Methods: Scales were administered online as part of a larger child-welfare organizational health assessment in four states. Participation was voluntary with 1,192 surveys completed. The sample was split into two random halves to conduct exploratory (EFA; n=586) and confirmatory factor analyses (CFA; n=606) in Mplus 6.1. Because these scales had been previously vetted we began with CFA to fit models as described in the literature. If CFA models did not adequately fit the data, we conducted EFA to determine factors structures that would fit the data, and confirmed the new structures with CFA.
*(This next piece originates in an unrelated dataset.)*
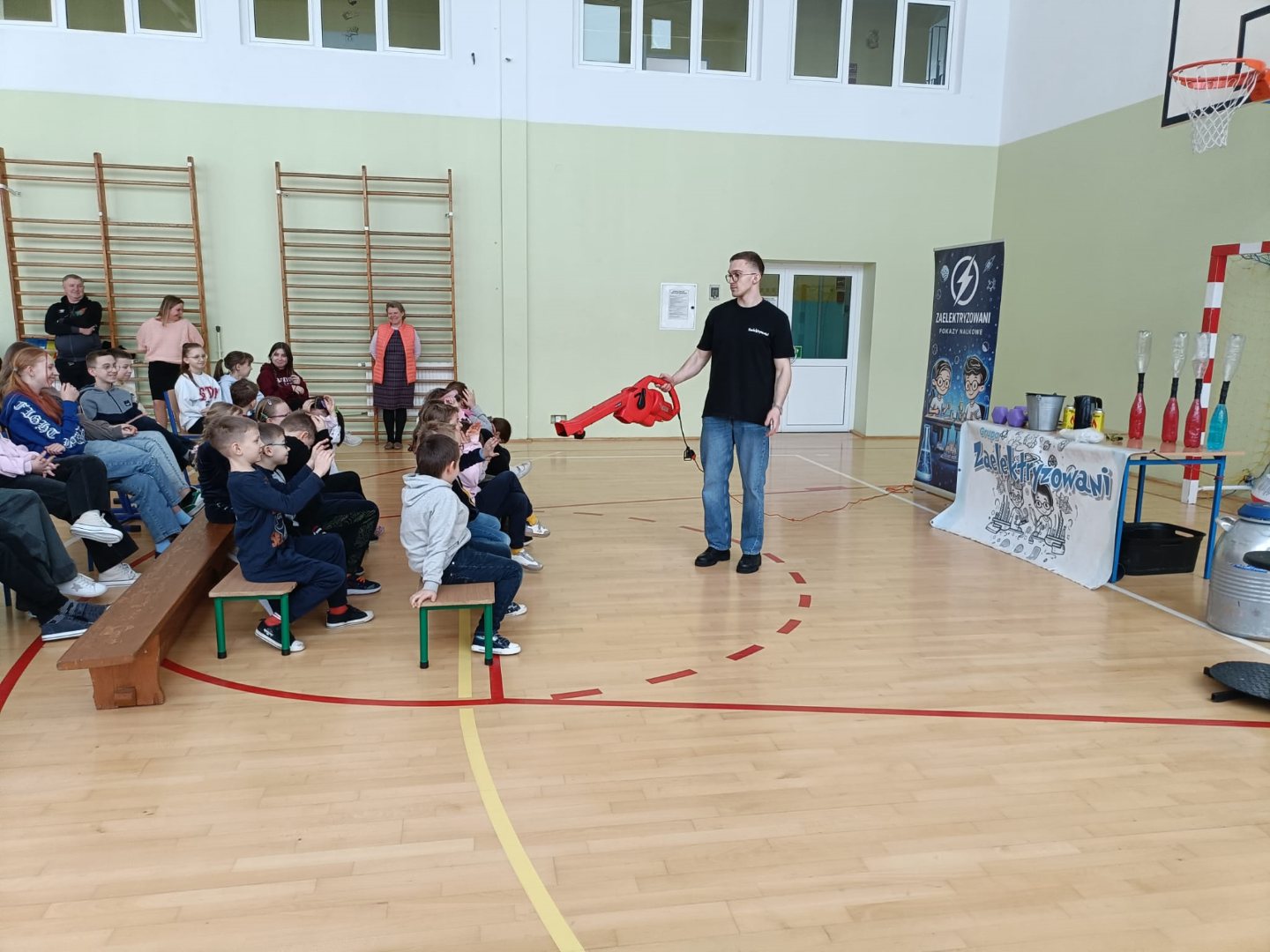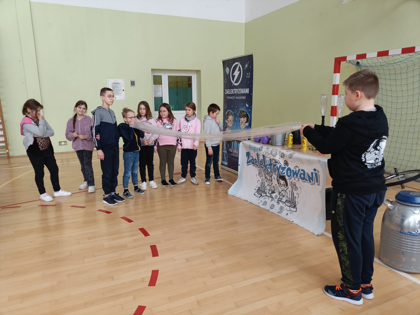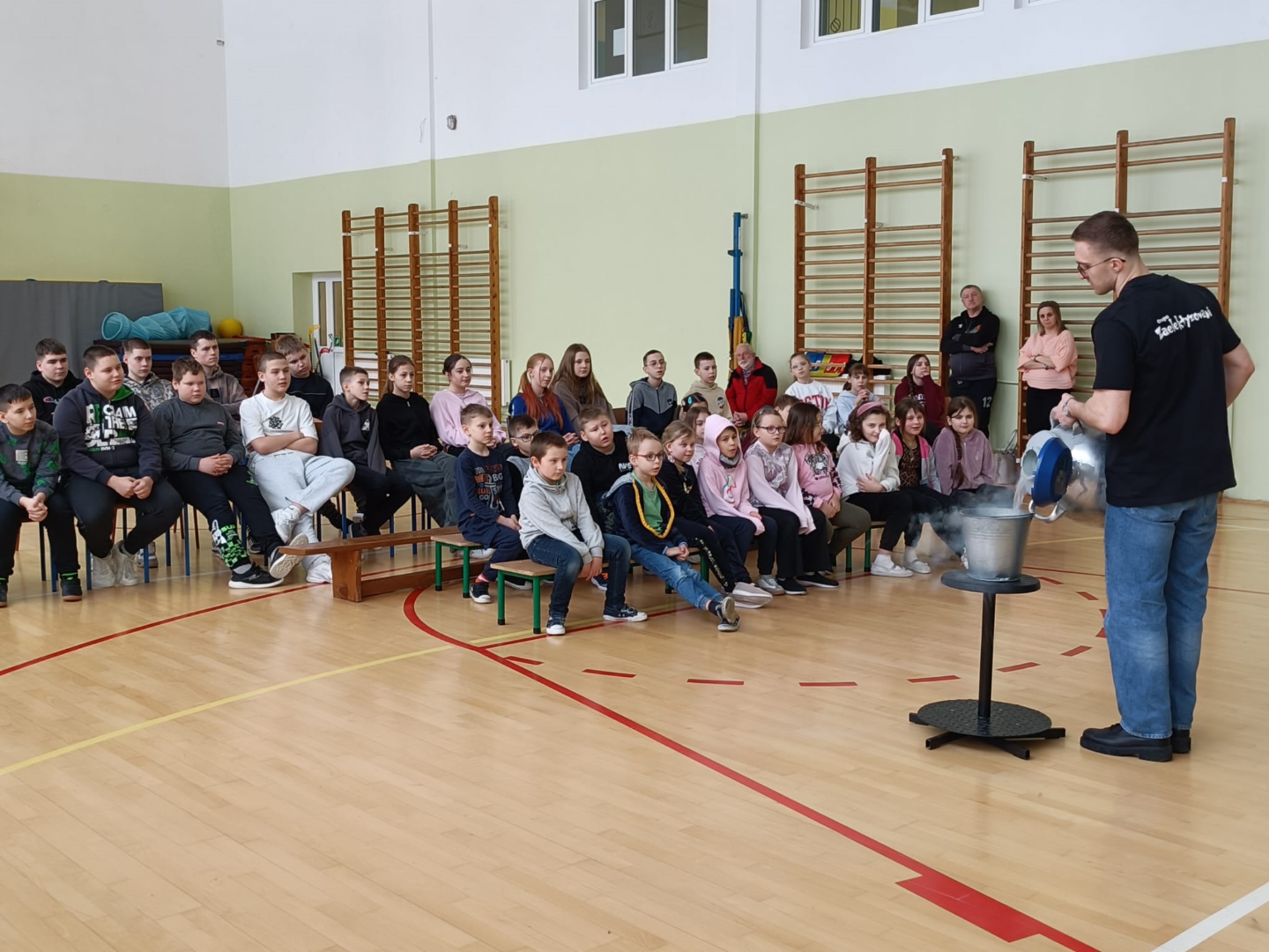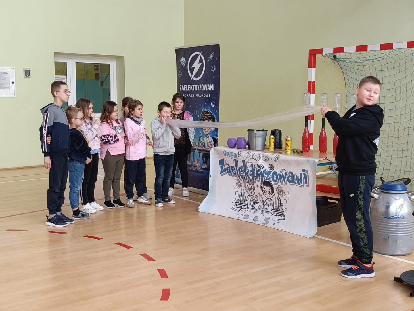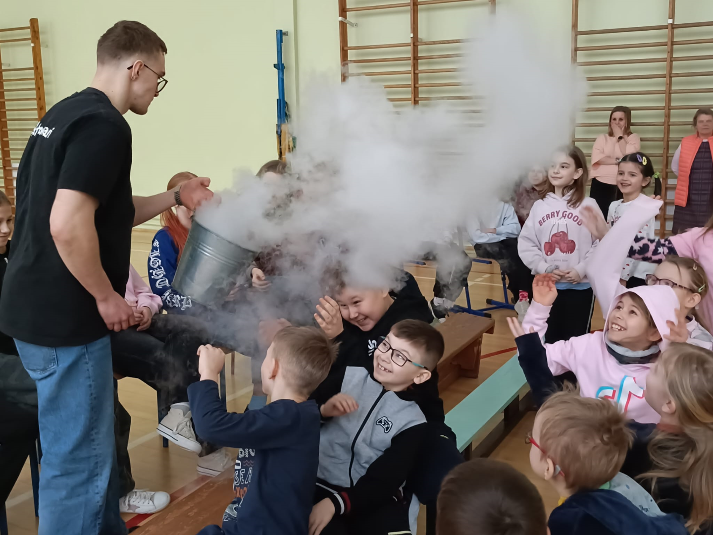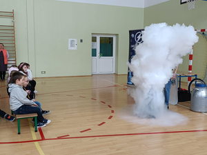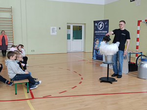 Animator w świetny sposób łączył wiedzę naukową z elementami humoru, tworząc przyjazną atmosferę i zachęcając dzieci do nauki poprzez zabawę. Spotkanie było nie tylko źródłem nowych informacji z zakresu chemii i fizyki, ale również okazją do świetnej zabawy. Uczniowie z radością i dużym zaangażowaniem uczestniczyli w pokazie, spędzając czas w sposób pożyteczny i niezwykle inspirujący.

Results: Psychometric examinations of PQL and JS scales showed that they do not adequately represent the constructs they were intended to measure, and cannot be used in structural equation models as intended. The resulting scale based on PQL items bears little resemblance to the original scale; of 30 items, four remained representing Work Satisfaction (Fit Statistics: χ2(2)=1.366, p=0.51, CFI=1.000, RMSEA=0.071, SRMR=0.006, alpha=.852). With regard to Job Satisfaction, 32 of 36 original items were retained and six of nine subscales confirmed; however, three subscales did not fit the data as intended. More importantly, the scale cannot be combined into one higher-order construct representing job satisfaction. Scales failed to assess constructs adequately in at least four ways: at the individual item-level with vague or “double-barreled” statements; at the subscale-level with items representing latent constructs not overlapping enough in substance or there not being enough items to represent each subscale construct; and at the broader construct level with subscales not fitting together to form one larger construct as described in the literature.
Conclusions and Implications: In this case, use of existing and widely-used scales did not result in psychometrically sound measures. We provide a typology of ways in which scales fail. We use the PQL and JS scales as examples; however, it is important to note that many other existing scales in our assessment tool failed similarly, and none performed as intended. Our recommendations to other researchers interested in building psychometrically sound assessment and survey tools are to: look for measures that have been examined in an EFA/CFA framework, rather than simply had reliability confirmed via Chronbach's alpha; examine all item wording for applicability in your setting; examine groups of items for evidence of an underlying latent construct; and expect to conduct extensive psychometric analyses prior to structural equation modeling.